Quando possiamo parlare di un disturbo del comportamento in un bambino o in un ragazzo?

Si fa riferimento ad un disturbo del comportamento quando il disagio interno viene rivolto verso l’esterno. Vengono messe in atto condotte disfunzionali come il non rispetto elle regole, l’aggressività, l’impulsività, la sfida e condotte inappropriate alle richieste dell’ambiente. I comportamenti problematici posso essere situazionali, cioè in età prescolare e scolare possono verificarsi di risposta alle situazioni o al normale processo di sviluppo del bambino. Tuttavia alcune volte possono rappresentare dei campanelli di allarme per l’insorgenza di disturbi del comportamento futuri.

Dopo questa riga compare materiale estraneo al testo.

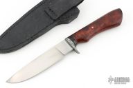 "In 1995 I decided to start making my own knives. By the following year I had begun my addiction to the forged blade. I did not know any local makers at that time, so most of what I learned came from books and even more so from trial and error. I made my first billet of damascus by hand in 1997 on a dare from a friend who said I could not do it. I was successful and after that first billet I was hooked on damascus and I have not looked back since. I received the opportunity to go full time in 1999, thanks to the support of my loving wife and family. That same year I stepped out into the knife community by doing my first show and joining the American Bladesmith Society. Since then I have developed good friendships with many knifemakers and enthusiasts alike. Damascus is employed on 90% of my knives in various patterns. My preferred steels for damascus are 1084 and 15n20. For straight steel knives I have and will employ 1084, 1080, 5160, 52100, S30V, 20CV and Talonite. I do all of my own heat treating which ensures the performance of each and every knife I produce. Routinely I test blades for quality control purposes as well as for future knowledge and developments. My metallurgical knowledge has been acquired not only from studying books and reference manuals but also through years of trials in my own shop always striving for that perfect heat treatment. In 2001 Bill Cottrel, Chuck Bybee and myself developed a process to make Titanium Damascus or TImascus." Earned ABS Mastersmith rating in 2006.
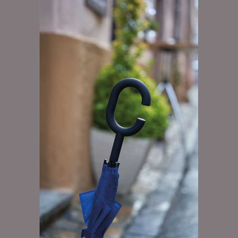 Dáždnik z Pongee materiálu s rukoväťou v tvare C, ktorú možno prakticky zavesiť na zápästie.

Nel Manuale diagnostico e statistico dei disturbi mentali DSM-5 (APA, 2013), si parla dei cosiddetti “Disturbi del comportamento dirompente, del controllo degli impulsi e della condotta”. In particolare, si fa riferimento a:

Disturbo oppositivo-provocatorio

Il bambino con un disturbo oppositivo provocatorio (DOP) mette in atto comportamenti che compromettono in maniera significativa il proprio funzionamento in ambito familiare, scolastico e sociale.

Il bambino spesso litiga con adulti e coetanei, ha un rifiuto nel rispettare le regole, spesso ride se sgridato, accusa gli altri dei propri errori. Esibisce spesso livelli di rabbia persistente ed evolutivamente inappropriata e comportamenti provocatori e di oppositività. Il DOP può emergere anche a 7-8 anni d’età.

Quali sono i sintomi?

DSM 5: “Almeno 4 sintomi tra quelli presenti nelle seguenti 3 categorie, presenti da almeno 6 mesi:

Umore arrabbiato / irritabile:

  • spesso va in collera ,
  • spesso suscettibile o facilmente irritabile ,
  • è spesso arrabbiato o rancoroso.

Comportamento ostile / provocatorio:

  • spesso litiga con le figure autoritarie (bambini/adolescenti con gli adulti) ,
  • spesso sfida o rifiuta di seguire le richieste o le regole delle figure autoritarie,
  • spesso irrita deliberatamente gli altri,
  • spesso accusa gli altri per i suoi errori e per il suo comportamento.

Vendicatività:

  • è stato dispettoso e vendicativo almeno 2 volte negli ultimi 6 mesi”.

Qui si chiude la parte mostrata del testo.